Two South Boston office buildings owned by Normandy Real Estate Partners have been transferred to special servicing because of an imminent mortgage default, the ratings agency Fitch Ratings said today.
Normandy acquired the two Fort Point buildings, at 281 and 321 Summer St., in a market-topping transaction. In 2007, Normandy paid the Archon Group $73 million, or nearly $285 per-square-foot, for the two properties.
Normandy financed the $73 million purchase with a $51 million mortgage from UBS. UBS then packaged the mortgage into a pool of commercial debt and sold it to Wall Street investors. Normandy also financed the purchase with a $15.2 million mezzanine loan that UBS originated and then sold to New York investment REIT Capital Trust. Capital Trust will act as the loan’s special servicer, Fitch said.
The loan has been on a servicer’s watch list since September 2008 because of vacancy issues, according to the mortgage debt-tracking firm Trepp.

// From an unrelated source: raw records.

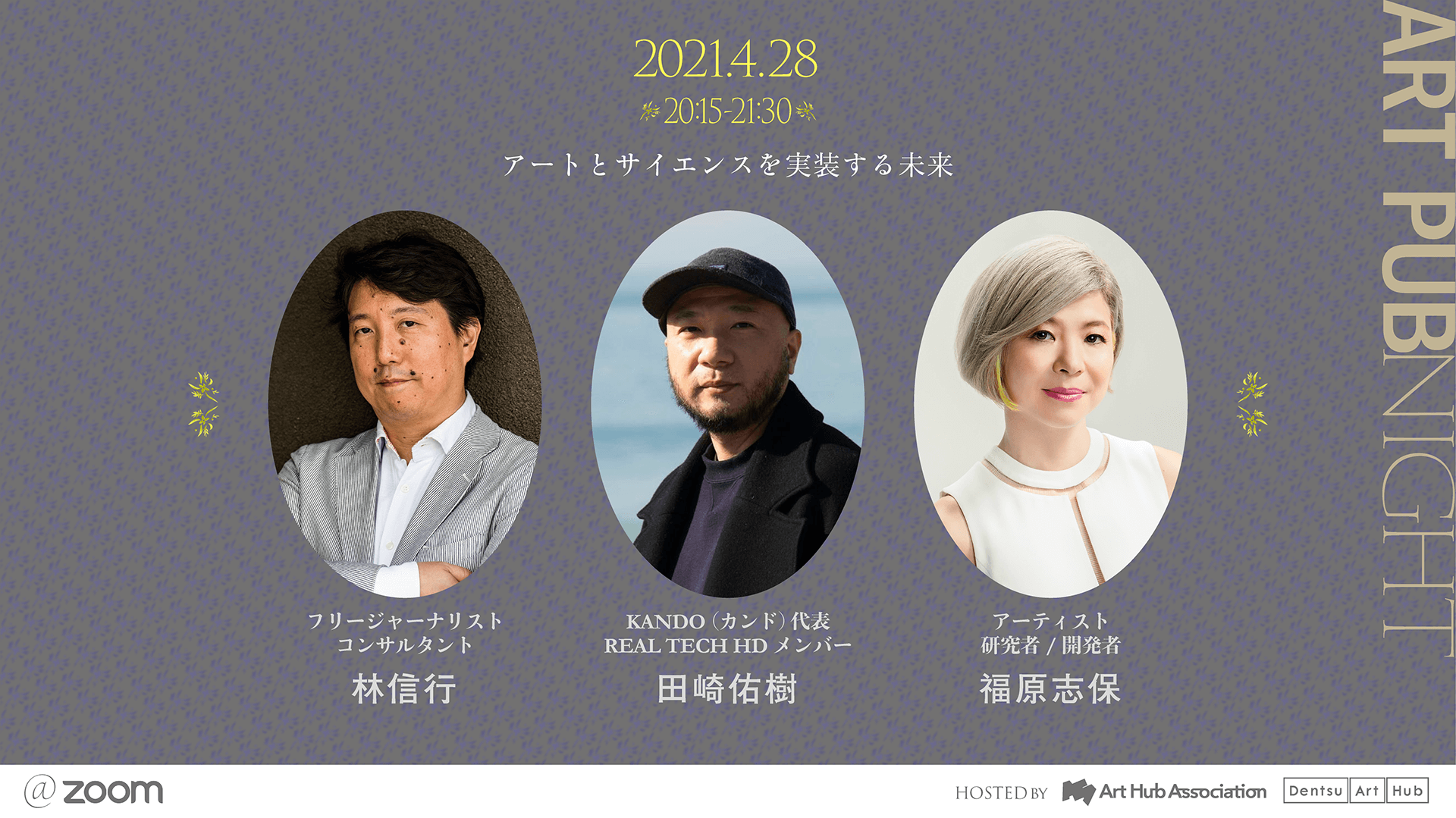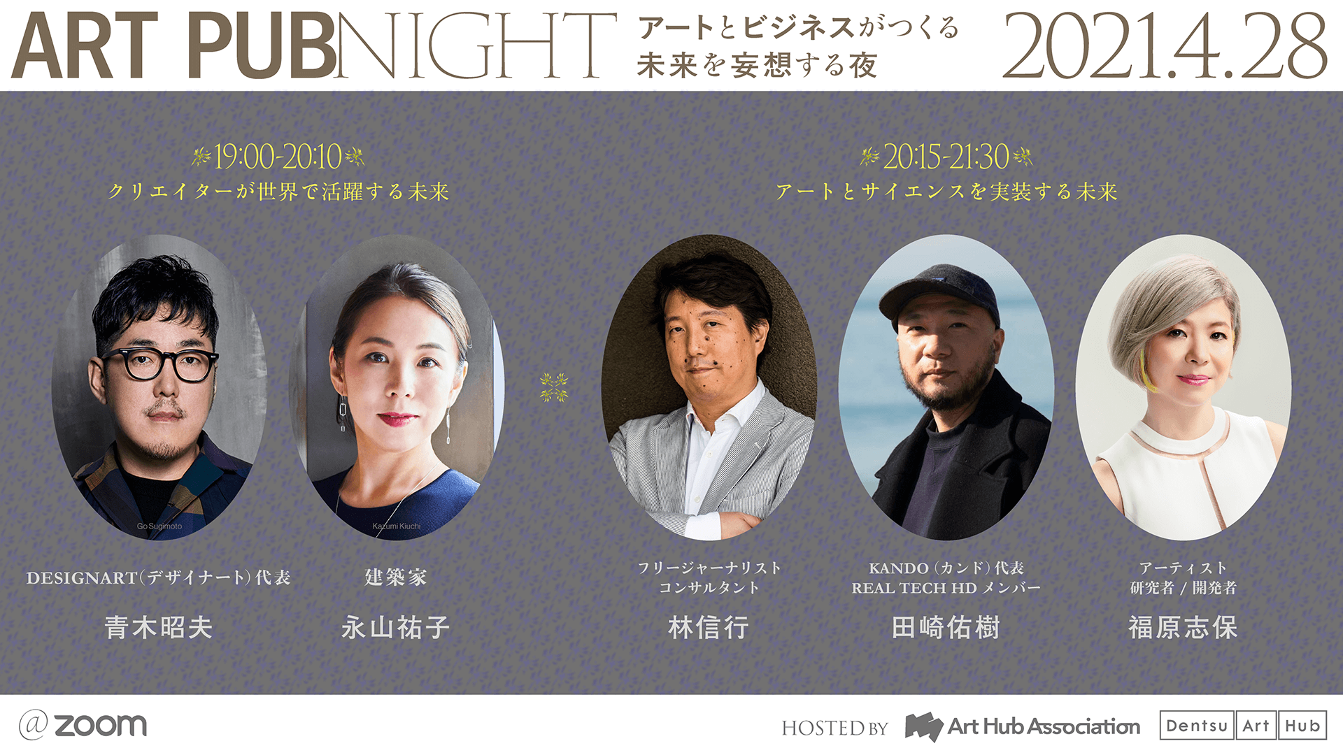 第1回目となるART PUB NIGHTを2021年4月28日に実施。 「クリエイターが世界で活躍する未来」と「アートとサイエンスを実装する未来」というテーマで5人のゲストが登壇した。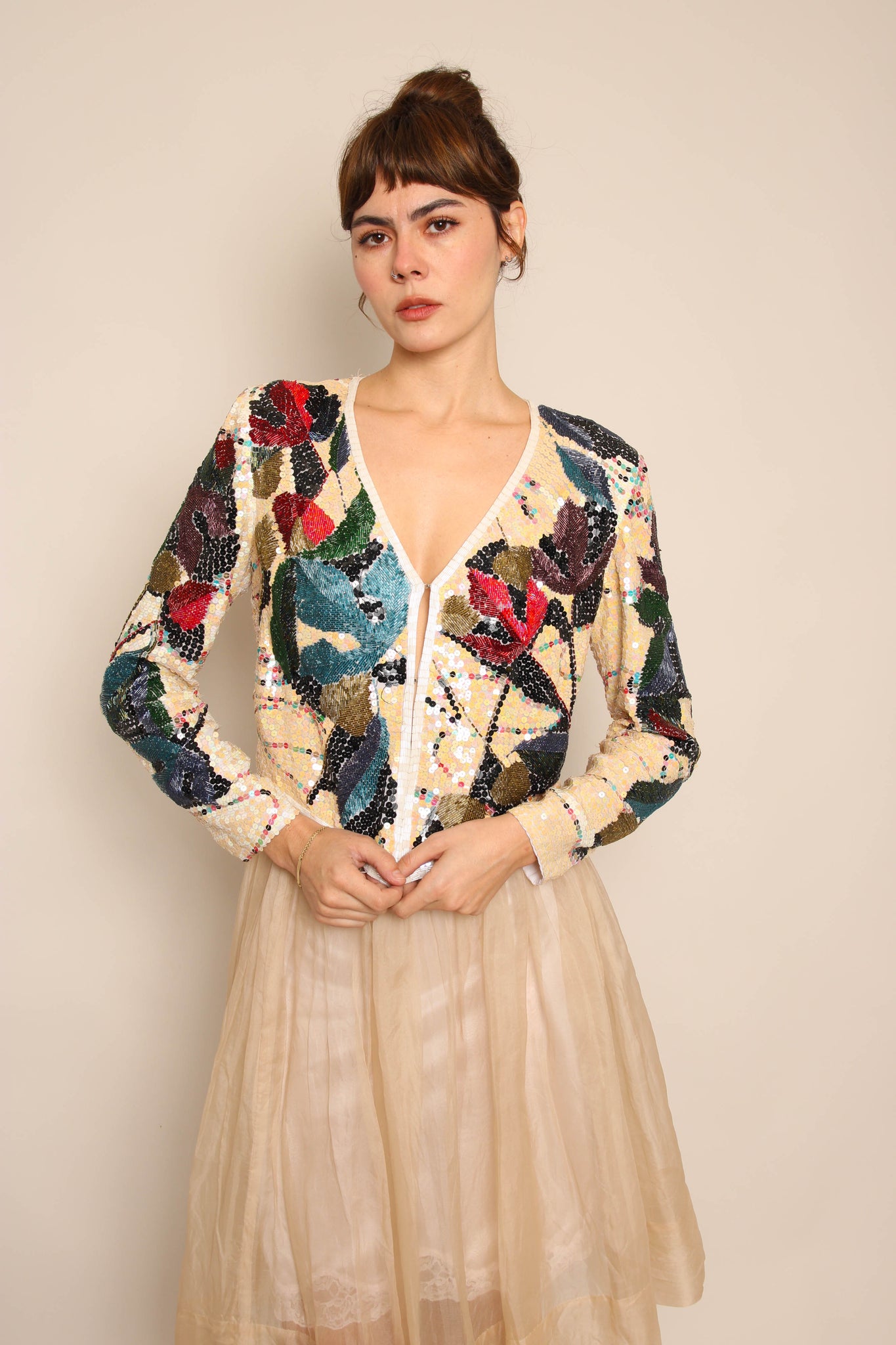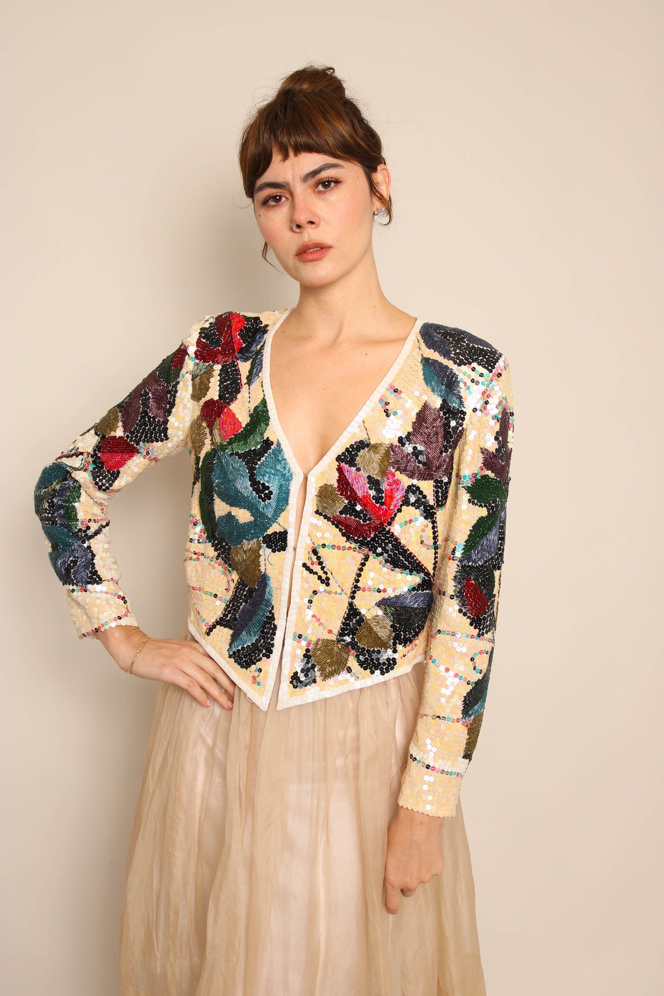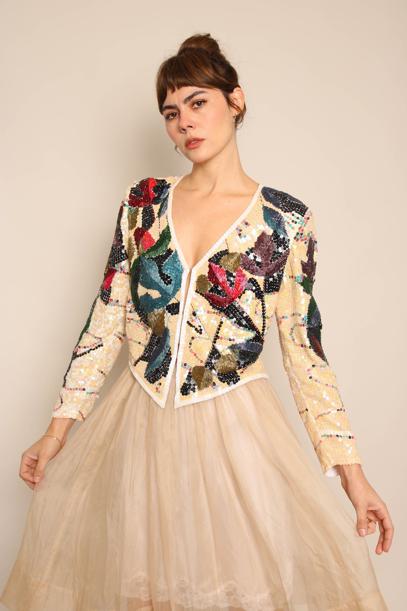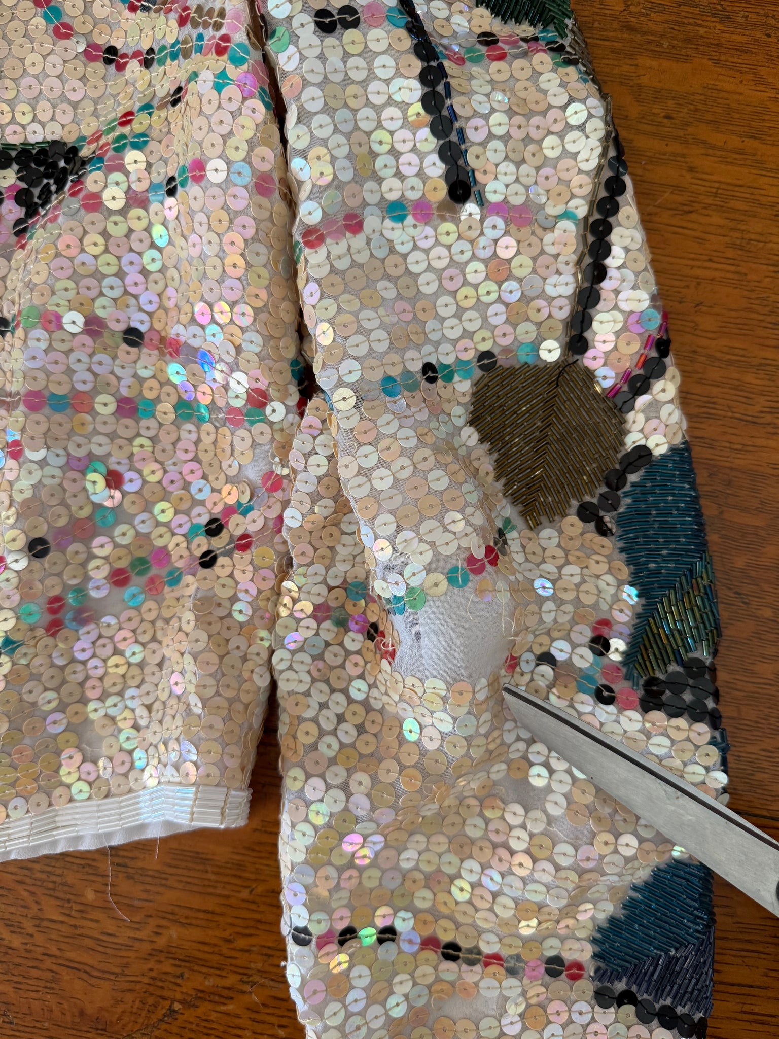Good as-is vintage condition: several sections of sequins and beads missing, see photos for details.
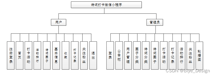 诗词打卡微信小程序划分为了普通用户模块和管理员模块这两大部分。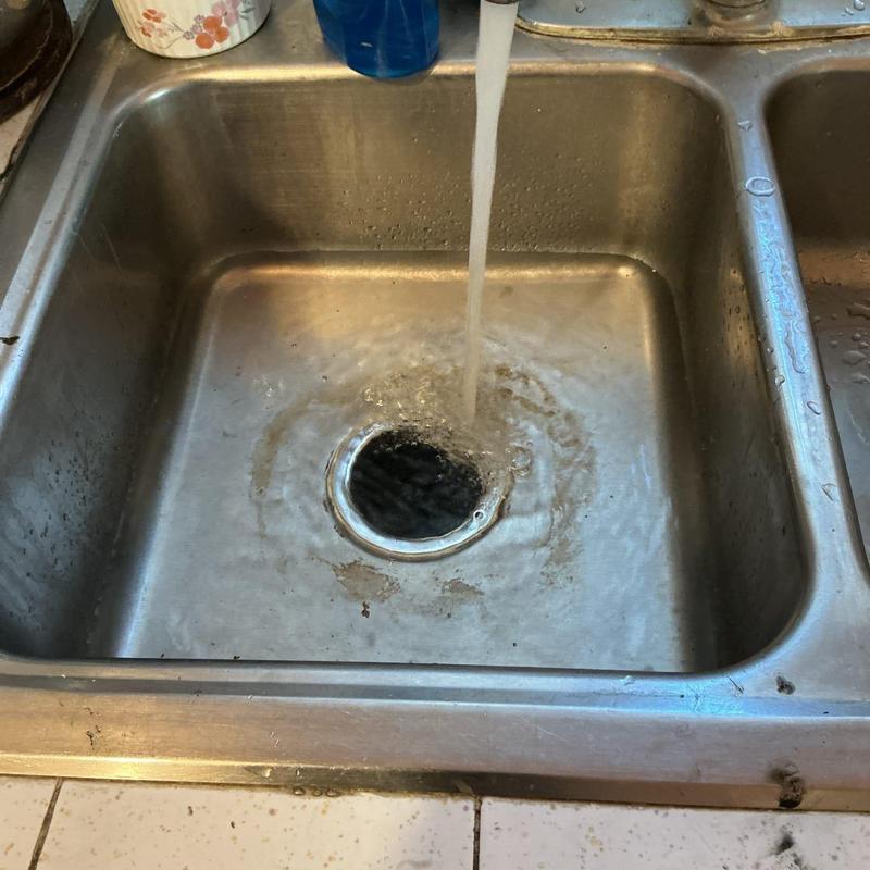 A plumber in Escondido, California, cleared a partial kitchen drain backup using a rigid flex shaft tool to restore full water flow. The plumber also replaced the left-side basket strainer on the kitchen sink and secured all fittings. Final tests showed no leaks or clogs under the sink.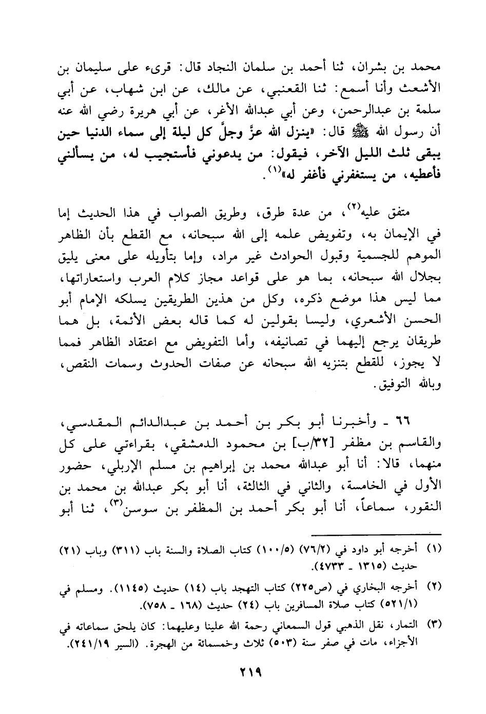 مُحَمَّدِ بْنِ بِشْرَانَ، ثنا أَحْمَدُ بْنُ سَلْمَانَ النَّجَّادُ، قَالَ: قُرِئَ عَلَى سُلَيْمَانَ بْنِ الأَشْعَثِ وَأَنَا أَسْمَعُ: ثنا الْقَعْنَبِيُّ، عَنْ مَالِكٍ، عَنِ ابْنِ شِهَابٍ، عَنْ أَبِي سَلَمَةَ بْنِ عَبْدِ الرَّحْمَنِ، وَعَنْ أَبِي عَبْدِ اللَّهِ الأَغَرِّ، عَنْ أَبِي هُرَيْرَةَ رَضِيَ اللَّهُ عَنْهُ أَنَّ رَسُولَ اللَّهِ صَلَّى اللَّهُ عَلَيْهِ وَسَلَّمَ قَالَ: " يَنْزِلُ اللَّهُ عَزَّ وَجَلَّ كُلَّ لَيْلَةٍ إِلَى سَمَاءِ الدُّنْيَا حِينَ يَبْقَى ثُلُثُ اللَّيْلِ الآخِرِ، فَيَقُولُ: مَنْ يَدْعُونِي فَأَسْتَجِيبَ لَهُ، مَنْ يَسْأَلُنِي فَأُعْطِيَهُ، مَنْ يَسْتَغْفِرُنِي فَأَغْفِرَ لَهُ " مُتَّفَقٌ عَلَيْهِ، مِنْ عِدَّةِ طُرُقٍ، وَطَرِيقُ الصَّوَابِ فِي هَذَا الْحَدِيثِ إِمَّا فِي الإِيمَانِ بِهِ وَتَفْوِيضِ عِلْمِهِ إِلَى اللَّهِ سُبْحَانَهُ، مَعَ الْقَطْعِ بِأَنَّ الظَّاهِرَ الْمُوهِمَ لِلْجِسْمِيَّةِ وَقُبُولَ الْحَوَادِثِ غَيْرُ مُرَادٍ، وَإِمَّا بِتَأْوِيلِهِ عَلَى مَعْنَى يَلِيقُ بِجَلالِ اللَّهِ سُبْحَانَهُ، بِمَا هُوَ عَلى قَوَاعِدِ مَجَازِ كَلامِ الْعَرَبِ وَاسْتِعَارَاتِهَا، مِمَّا لَيْسَ هَذَا مَوْضِعَ ذِكْرِهِ، وَكُلٌّ مِنْ هَذَيْنِ الطَّرِيقَيْنِ يَسْلُكُهُ الإِمَامُ أَبُو الْحَسَنِ الأَشْعَرِيُّ، وَلَيْسَا بِقَوْلَيْنِ لَهُ كَمَا قَالَهُ بَعْضُ الأَئِمَّةِ، بَلْ هُمَا طَرِيقَانِ يَرْجِعُ إِلَيْهِمَا فِي تَصَانِيفِهِ، وَأَمَّا التَّفْوِيضُ مَعَ اعْتِقَادِ الظَّاهِرِ فَمِمَّا لا يَجُوزُ، لِلْقَطْعِ بِتَنْزِيهِ اللَّهِ سُبْحَانَهُ عَنْ صِفَاتِ الْحُدُوثِ وَسِمَاتِ النَّقْضِ، وَبِاللَّهِ التَّوْفِيقُ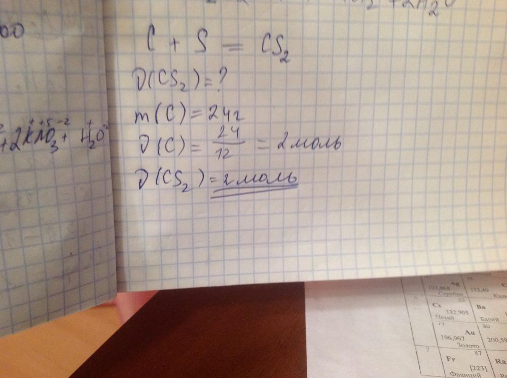 Задача по схеме C+S=Cs2 вычислите количество вещества сероуглерода , который образуется при взаимодействии серы с 24 г углерода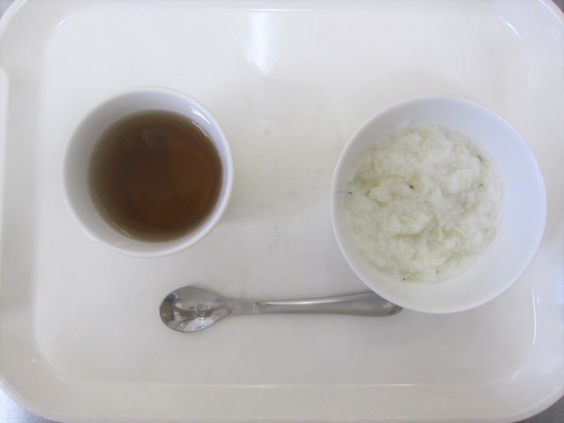 離乳食(後期)午後おやつ:麦茶、しらす粥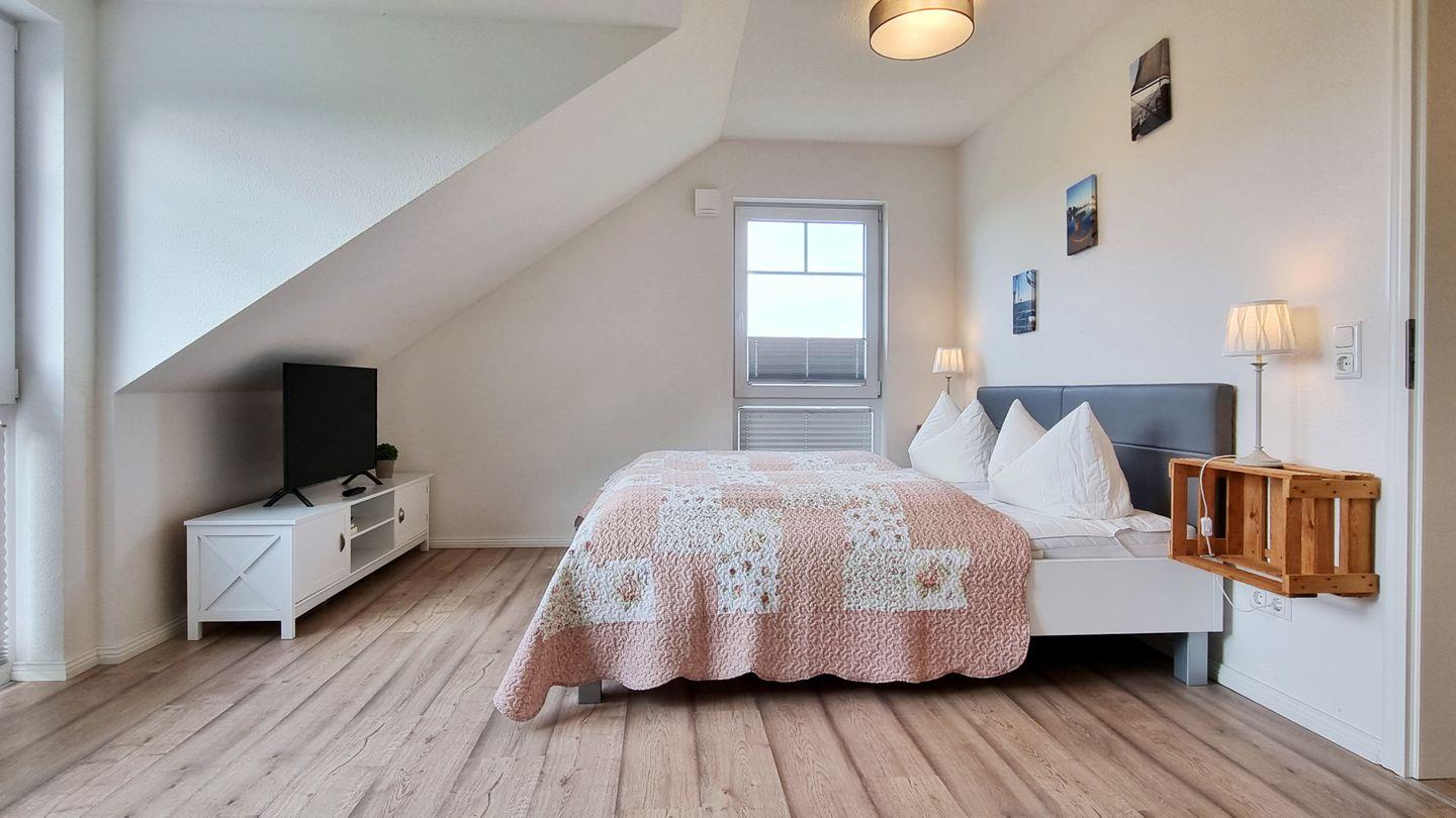 Schlafzimmer I (OG): Doppelbett (180x200cm) / Schrank / Fernseher / Plissees

Nearly 75,000 square feet of the two-building portfolio’s 257,000 square feet sit vacant, according to LoopNet listings. The building at 281 Summer St. has suffered some high-profile vacancies lately, with the architecture firm Cubellis and the restaurant and clothing boutique The Achilles Project both folding.
Last year, Normandy swooped in and grabbed Boston’s John Hancock Tower at a discount when that trophy asset’s over-leveraged owner, Broadway Partners, defaulted on a debt payment. Normandy’s troubles in Fort Point show how even buyers who are finding opportunities in the current round of commercial distress are also being haunted by properties they bought at the market’s peak.
The commercial mortgage-backed securities (CMBS) delinquency rate hit 7.6 percent in March, according to Trepp. More than $47.8 billion in CMBS debt was delinquent as of March, according to the data firm RealPoint.
Justin Krebs of Normandy’s Boston office could not be reached for comment.